Circadian involvement in Parkinsons disease (PD) and more specifically in nigro-striatal dopamine (NSD) function is of increasing interest to the neurosciences. Given that bright light therapy is of therapeutic value in PD, possible mechanisms underlying retinal involvement in this phenomenon was explored further by administering anti-Parkinsonian chemotherapies into the vitreus humour directly adjacent to the retina. 2 microl of a 100 mM solution of L-Dopa significantly improved motor function in the later stages of degeneration and during the day while the injection of 2 microl of a 10 mM solution of the melatonin receptor antagonist ML-23 improved motor function in the early stages of PD and during the dark phase of the light/dark cycle. The results suggest that the function of nigral cells is regulated by a more global system embracing circadian physiology that extends from the retina to the pineal. Furthermore, the induction of PD is characterised by an imbalance between melatonin and dopamine (DA) whereby this ratio is elevated at least 6 to 1 in favour of melatonin.

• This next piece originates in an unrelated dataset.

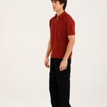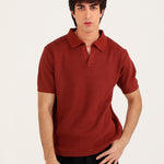 A knitted polo in a rich brick shade with a johnny collar and subtle texture that gives it a refined look.

The commonly observed treatment failures and side effects of DA replacement therapy probably result from increasing endogenous DA without taking parallel melatonin dysfunction into account. The proposed integrated function of the NSD and circadian systems may permit therapeutic targeting at a level which is safer, more effective and without the side effects of systemically administered regimens of DA replacement.


Brain Research | 1983

Short-term effects of intrahypothalamic colchicine.

Gregory L. Willis; Graeme C. Smith

Colchicine was injected in the vicinity of the medial forebrain bundle to cause an accumulation of catecholamines in the lateral hypothalamus proximal to the injection site. Such injections caused severe deficits in consummatory behavior and motor performance within a few hours after injection, which were accompanied by the accumulation of catecholamines in the hypothalamus. Behavioural deficits occurring within 24 h after colchicine injection cannot be attributed to reduced synaptic transmission in the striatum or to dopamine depletion because these events do not commence until 24-48 h after colchicine administration. This study demonstrates the importance of considering all neurochemical changes which accompany catecholamine depletion when assessing the role of the catecholamine-containing system in the regulation of behaviour.